An introduction to DITA
1 Introduction
1.1 What is DITA?
• DITA stands for Darwin
Information Typing Architecture.
• DITA is an XML based architecture for authoring and publishing
technical documentation.
• DITA is a topic based architecture where
content is broken up into self-contained chunks:— content is broken into self contained chunks — familiar to help and web content
creators
1.2 DITA history
• Developed by IBM in
2000 to replace IBMIDDoc for their large library of technical
documentation.
• IBM donated
DITA to OASIS in March 2004.
• Revised by OASIS and became an OASIS standard in May
2005.
2 What problems does DITA try to solve?
2.1 Content reuse
• Some organizations
maintain large document sets where multiple documents may contain copies of the
same content.
• A common
approach to content reuse has been to copy the content and paste it into new
documents. Multiple copies of the same content increase the cost of document
maintenance when the common content needs to be changed, increase the cost of
translation and increase the likelihood of copies becoming inconsistent.
• XML natively supports
content reuse using entities. Shared content can be stored in a separate file
and included into the document using an entity reference. This can cause
difficulties when editing fragments because they cannot contain an XML
declaration or a DOCTYPE declaration.
• W3C developed XInclude to enable content reuse. XInclude elements
are added to an existing DTD such as DocBook. XInclude processing tools are
integrated into publishing systems. Content can only be inserted where the
XInclude element is valid. This can be inflexible unless the XInclude element
is allowed everywhere. Processing errors may occur because there is no
mechanism to control the structure that is inserted by XInclude. Inserted
content may not be valid when resolved and this may cause problems with
processing applications.
• Automated content reuse solutions have been attempted with XML and
word processor based applications.
• XML based applications tend to be complex bespoke applications
built around standard and proprietary DTDs. The cost of developing these
applications and the complexity means they are not easily accessible to smaller
organizations.
• Non-XML
based applications tend to be lock content into proprietary formats that are
not accessible to other applications.
• Non-XML based applications may have formatting problems because of
a lack of context or may place unnecessary restrictions on content sharing to
bypass this problem.
2.2 Content sharing and interchange
• Organizations may
wish to share or interchange content with partners or other organizations.
• Organizations may share
and interchange content using word processing files. File formats may not
compatible between the organizations. If shared content is be reused, it may
need to be restyled to suit its new use. Restyling may require considerable
effort that needs to be repeated when new content is
received.
• Standard DTDs
such as DocBook enable sharing and interchange to occur without formatting
concerns. However, different organizations may need to customize the DTD in
different ways. These customizations may not be compatible with processing
applications.
• Successful
interchange of XML data normally requires data to be transformed by the
receiving application or modifications to be made to receiving processing
applications. Modifications are ongoing as DTDs rarely remain
unchanged.
3 How does DITA solve these problems?
3.1 Topic orientated architecture enables content reuse
• DITA uses a topic based architecture for content creation,
management and publishing. The base information unit is called a 'topic'. This
is a self contained stand-alone unit of information and is the basic unit for
reuse in DITA.
• Topics are
organized into an output such as a document, help system or web site using a
map. Topics are included into the map using a topicref element which identifies
the topic to insert. The map can be used to specify the order and groupings of
topics that form the output.
• The map model allows topics to be reused in different documents
without needing to make copies of the content.

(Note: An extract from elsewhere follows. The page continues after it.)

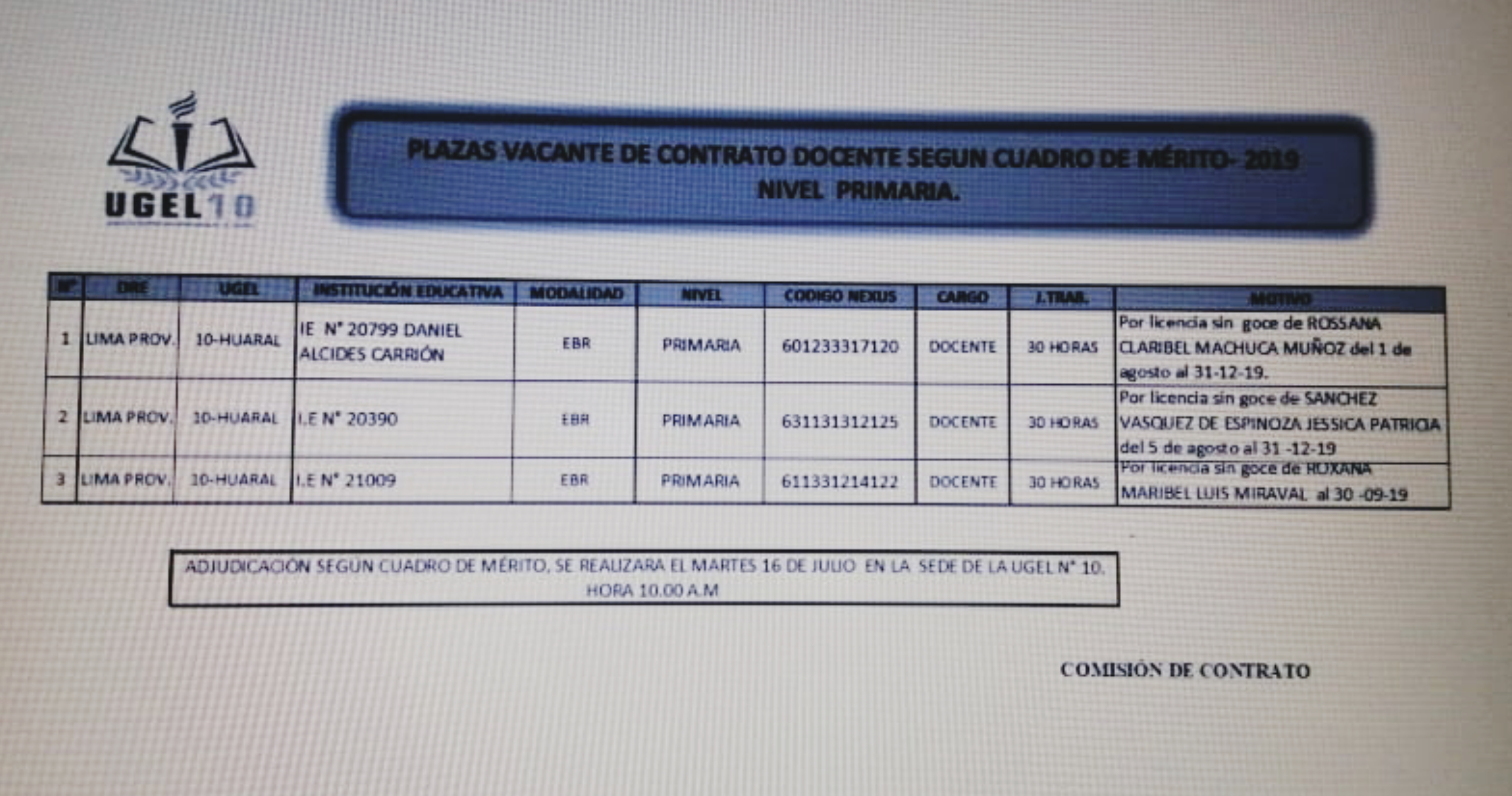 15 Jul,2019 Convocatorias COMMENTS Plaza Vacante de Contrato Docente Según Cuadro de Mérito - nivel primaria

• Topics and maps each have their own DTD.
Validation problems that may occur when using XML entities as a method of reuse
to do not occur.
• The
topicref element in the map is similar in function to the XInclude element.
However the topicref element can only reference topics. This behaviour is
enforced by DITA compliant processing applications. DITA maps will always be
resolved into a structure that can be processed by publishing applications.
• DITA also provides content
reuse at a lower level than the topic. All elements have a conref attribute
that can be used to reference shared content. Processing applications replace
the referencing element with the referenced element. The content referenced by
the attribute must be the same type as the referencing element, either the same
element or a specialization of the element. This ensures that conref will
always be resolved into a valid structure and can be processed by publishing
applications.
• DITA provides
a technical framework to support content reuse. DITA compliant applications
will provide for content reuse, out-of-the-box. An organization must still
manage their content architecture to fit with DITA's topic based
architecture.
3.2 Specialization architecture enables content interchange
• DITA provides an inheritance based method for extending the DTD
called specialization.
• Specialization involves creating a new element that is based on an
existing element. The "specialized" element must maintain the same content
constraints as the existing element. The specialization relationship is
retained in the DTD for use by processing applications. Specialization results
in an inheritance hierarchy.
• The inheritance hierarchy allows processing applications to
recognize and process new elements based on rules found for existing elements
in the inheritance hierarchy. DITA can be customized without breaking
processing applications. This enables interchange as customized DTDs can always
be processed by DITA processing applications.
• Specialization also helps to reduce the cost of
maintenance. Adding new elements to the DTD does not always require changes to
processing applications and style sheets.
4 Other benefits of DITA
• DITA is a modern DTD
with a relatively modest set of elements. Those familiar with XHTML will be
familiar with many DITA elements. This should reduce the amount of training
required when comparing DITA to other standard DTDs such as
DocBook.
• DITA is an OASIS
standard. Standards create a larger community of users that make it viable for
developers and vendors to get behind the standard and produce compliant tools.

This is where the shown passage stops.